3. Risk of Delayed or Defaulted Payments
The company faces counterparty credit risk arising from delayed payments or defaults by customers under PPAs and EAPAs. Any prolonged delay in receivables collection could strain working capital, increase borrowing requirements and impact liquidity. As highlighted in the DRHP, inability to recover dues on time may adversely affect cash flows and financial condition, particularly given the capital-intensive nature of renewable energy projects.
4. Project Execution and Cost Overrun Risk
Timely execution of projects depends on factors such as equipment availability, contractor performance, land acquisition and regulatory approvals. Any delay in commissioning or escalation in costs could reduce project returns and impact profitability. Supply-chain disruptions, inflationary pressures or logistical challenges may further aggravate execution risks. The DRHP notes that failure to complete projects within scheduled timelines could lead to penalties, loss of incentives and reduced internal rates of return.
5. First-Time Exposure to CTU and ISTS Projects
The company is undertaking Central Transmission Utility (CTU) and Inter-State Transmission System (ISTS) projects for the first time.
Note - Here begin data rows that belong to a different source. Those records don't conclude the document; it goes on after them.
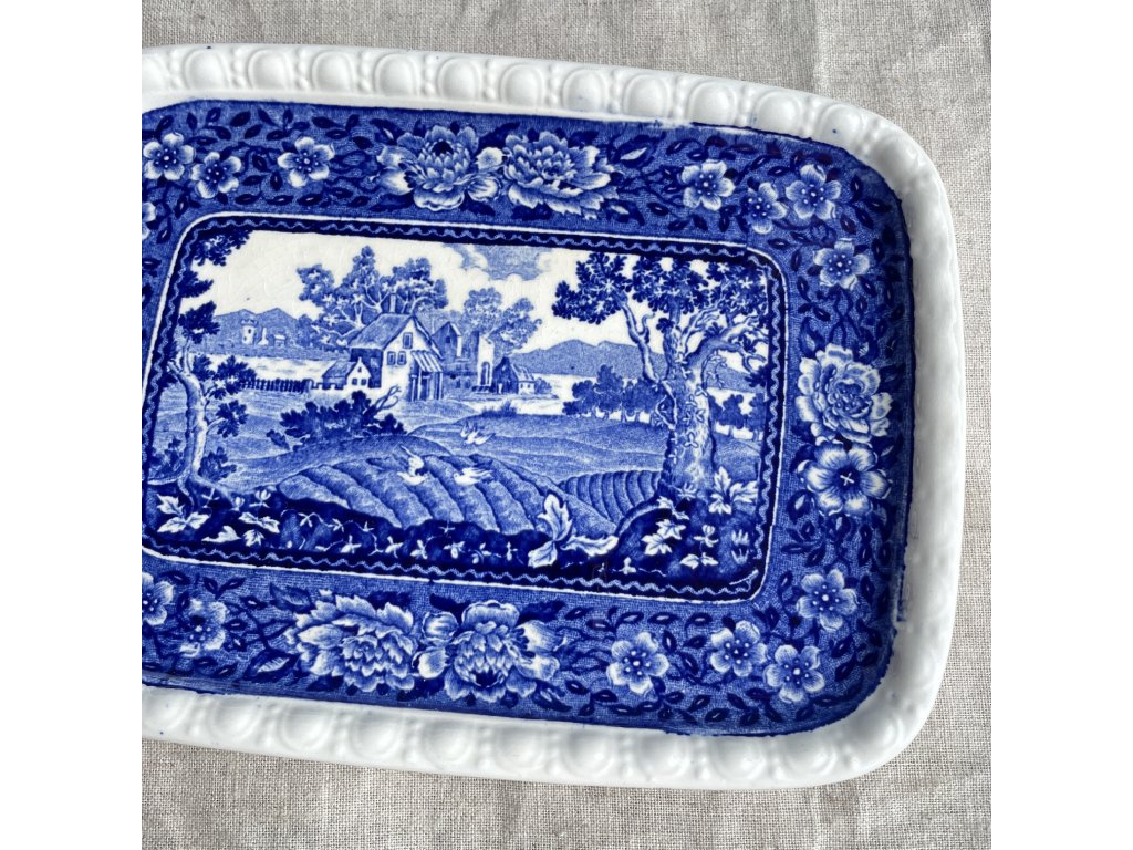 Střed podnosu vyplňuje jemně propracovaná venkovská krajina s domem, stromy, poli a drobnými figurálními detaily, působící jako malovaný obraz.
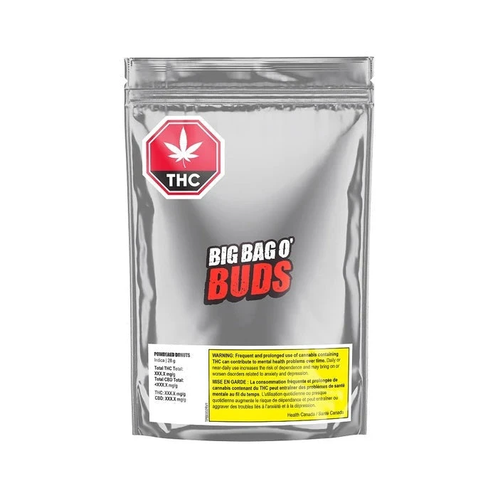 Big Buds. Big Terps. Big Bag. Not all flower is worthy of an ounce, except Big Bag. Powdered Donuts is an indica-dominant strain with a mid-to-high THC potency and is a cross of Orange Cookies x Jet Fuel Gelato. This bud has a sweet, fruity and diesel aroma that combine to create a smell of fresh, sugary, jelly-filled donuts. This unique aroma is the result of a terpene blend consisting of Myrcene, Caryophyllene, Limonene, Linalool, Humulene. Its light-density, mountain-shaped buds have a full foliage.
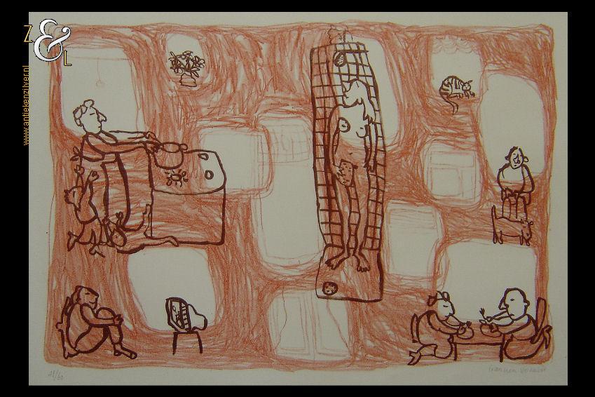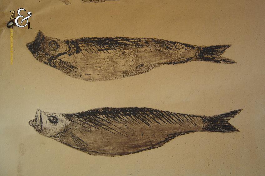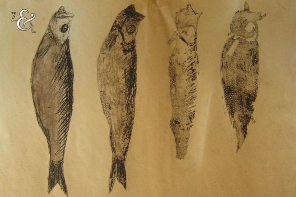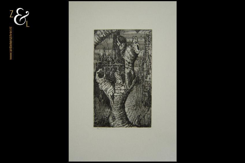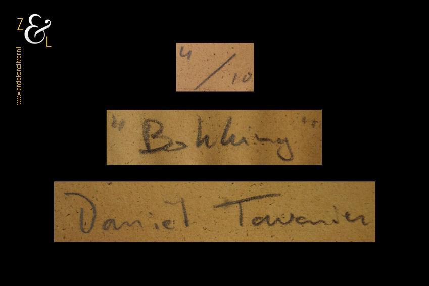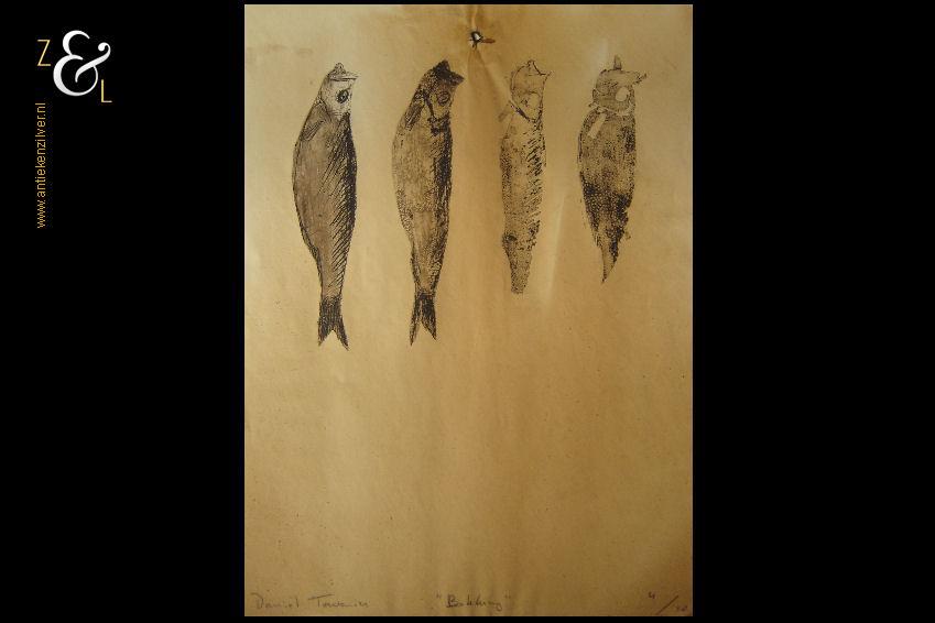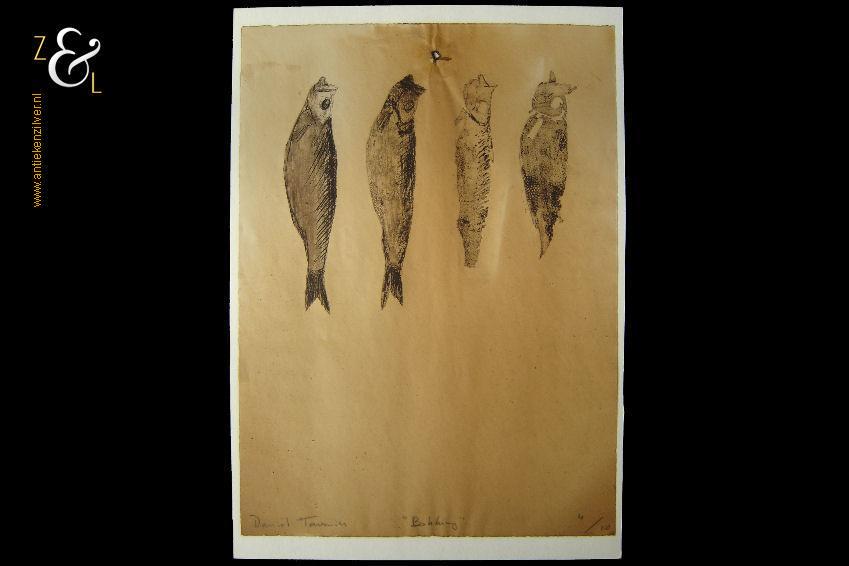 Deze ets met de titel “Bokking” is in de figuratief / experimentele stijl (Tavenier heeft deze ets laten roken in een visrokerij in zijn geboorteplaats Katwijk) gemaakt door Daniël Tavenier. De ets is in potlood linksonder gesigneerd: Daniël Tavenier, rechtsonder staat de oplage: 4/10 en midden onder staat de titel: “Bokking”. De ets is 64 cm lang bij 47.5 cm breed en op de hoeken op een vel tekenpapier geplakt.

Since it lacks prior commissioning experience in this segment, execution risks remain elevated. Any technical, regulatory or coordination challenges could delay grid connectivity and commercial operations. The DRHP highlights that failure to successfully implement these projects could adversely impact expansion plans and financial performance.
6. Land Ownership and Title Risks
Renewable energy projects require large parcels of land, often involving complex ownership structures. The company faces risks related to land title defects, lease disputes, local opposition and regulatory challenges. Any adverse claims or litigation related to land could delay projects, increase costs or lead to loss of operational assets. The DRHP cautions that land-related issues may result in prolonged legal proceedings and operational disruptions.
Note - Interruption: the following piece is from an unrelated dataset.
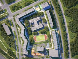 залива и новая современная инфраструктура в пешей доступности. Проект включает в себя пять тринадцатиэтажных "умных" домов в едином архитектурном стиле. Насыщенная социальная
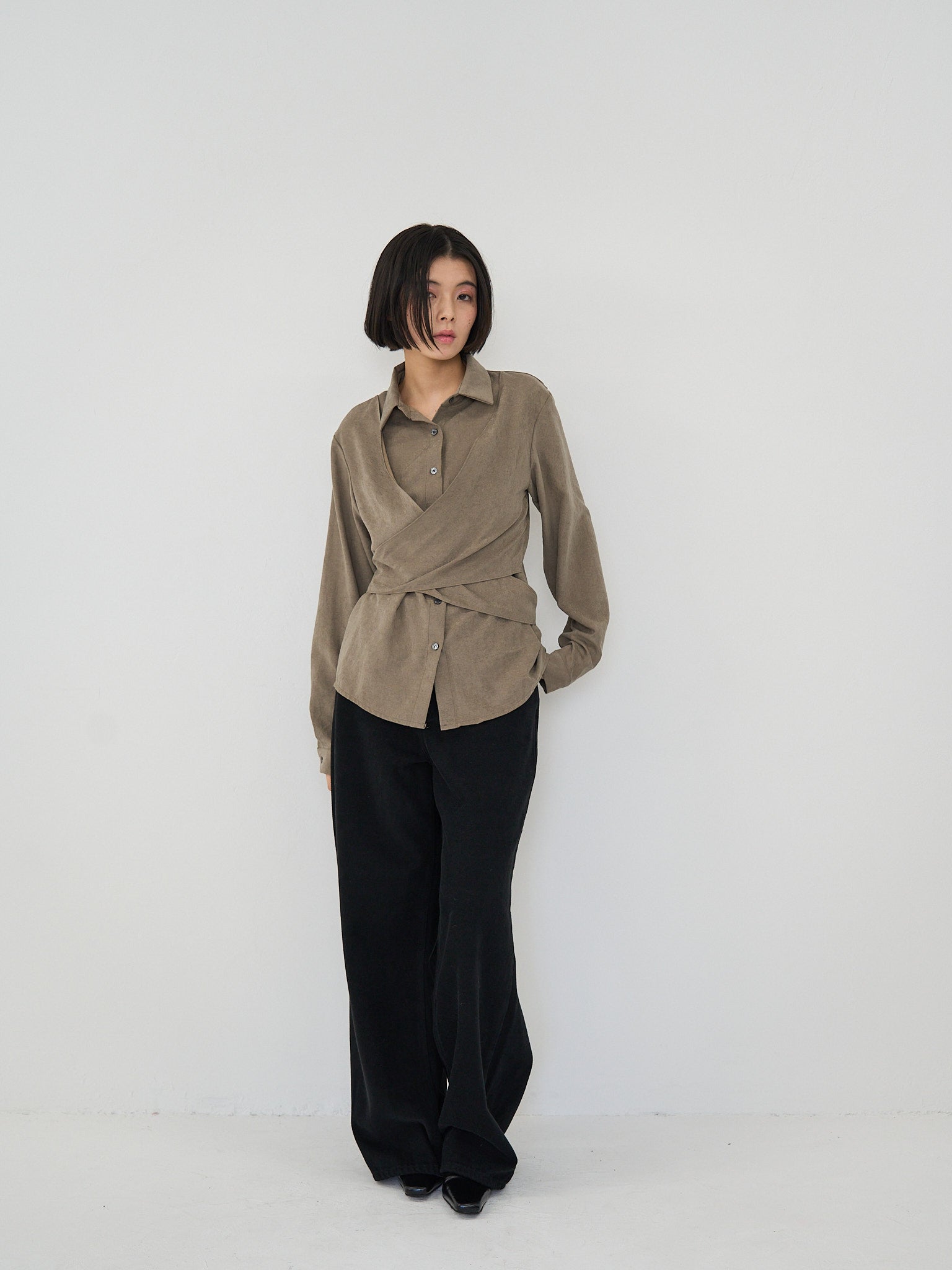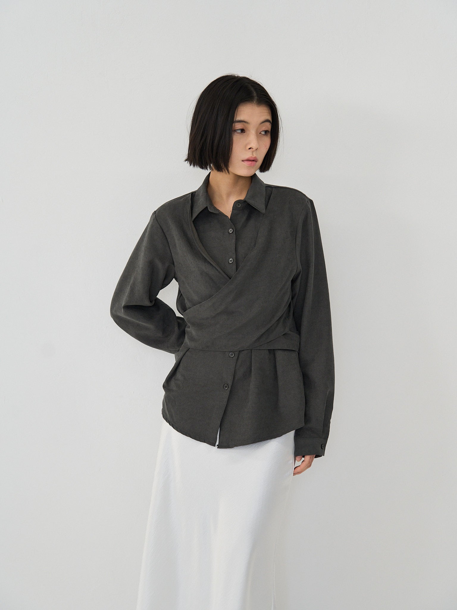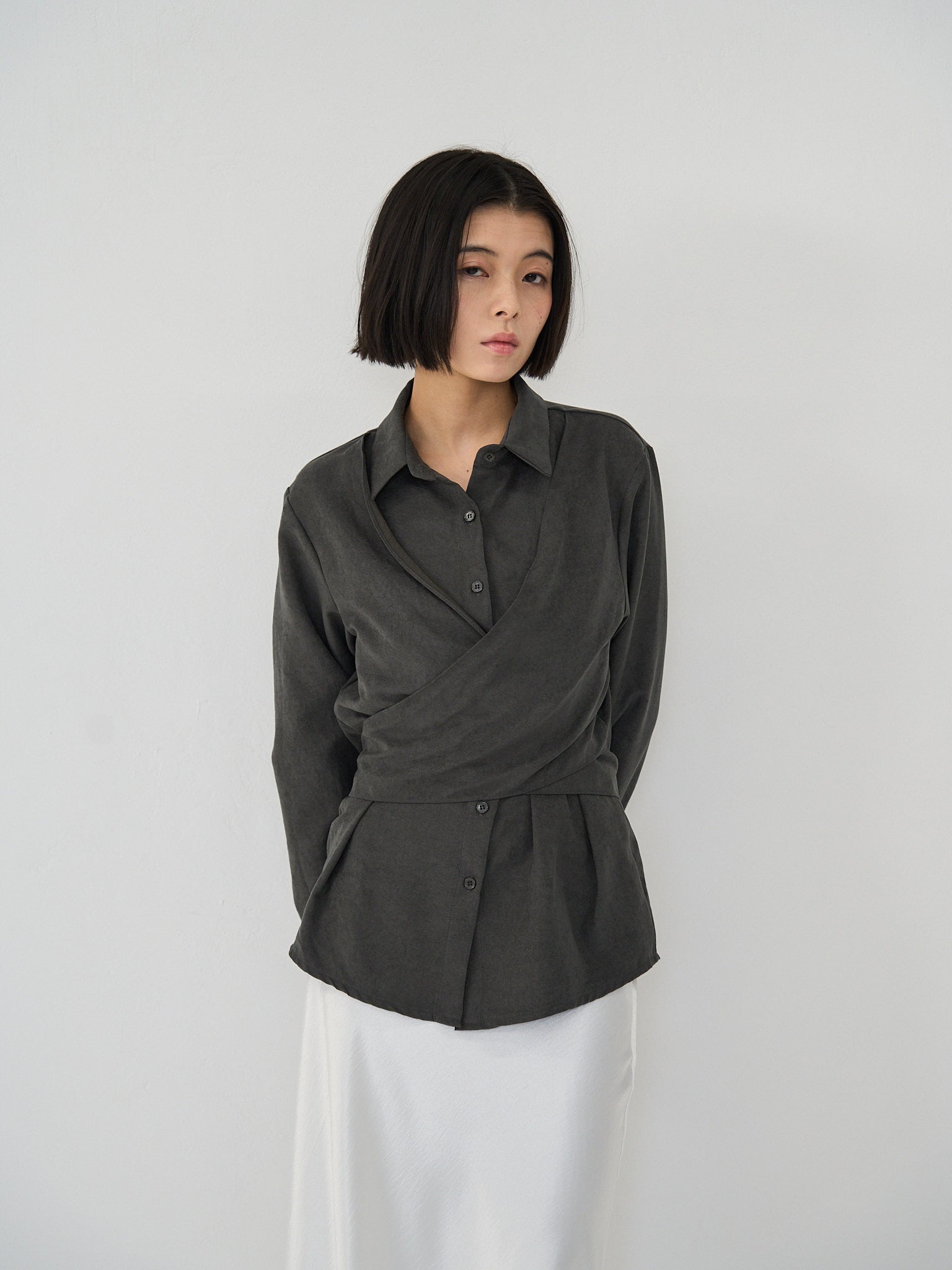上品な印象のラップデザインブラウス。

7. High Debt and Covenant Compliance
The company and its subsidiaries have significant outstanding borrowings to fund capital-intensive projects. These loans are subject to various financial and operational covenants. Any breach could trigger penalties, higher interest costs or acceleration of repayment obligations. As stated in the DRHP, inability to service debt or comply with covenants could materially impact cash flows, credit profile and overall financial stability.
8. Ongoing Legal and Regulatory Proceedings
There are pending litigations involving the company, its subsidiaries, promoters, directors and key managerial personnel. Any adverse rulings could result in financial liabilities, reputational damage or operational restrictions. The DRHP notes that such proceedings, even if resolved favourably, may require significant management time and legal expenses, potentially affecting business focus and performance.
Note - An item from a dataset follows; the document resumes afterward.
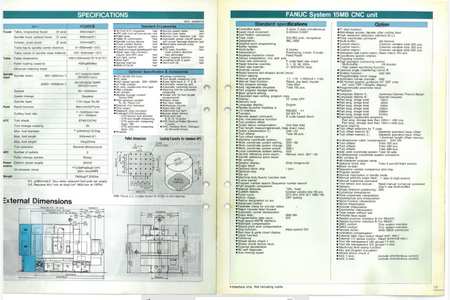 ima dvije izmjenjive palete 400x400mm i magazin sa 30 alata SK40

9. Exposure to Policy and Regulatory Changes
The renewable energy sector is highly regulated and dependent on government policies, incentives and grid regulations. Changes in tariff structures, transmission norms, renewable purchase obligations or subsidy frameworks could impact project economics. The DRHP warns that adverse policy changes may affect returns, viability of existing projects and future growth opportunities.
10. No Prior Public Market and Valuation Risk
This is the company’s first public issue, and there is no prior trading history for its equity shares. Investors may face volatility post-listing, and there is no assurance that the issue price will be sustained. The DRHP clearly states, “If any of these risks actually occur, our business, financial condition and results of operations could suffer and the trading price of the Equity Shares could decline, resulting in loss of investment.”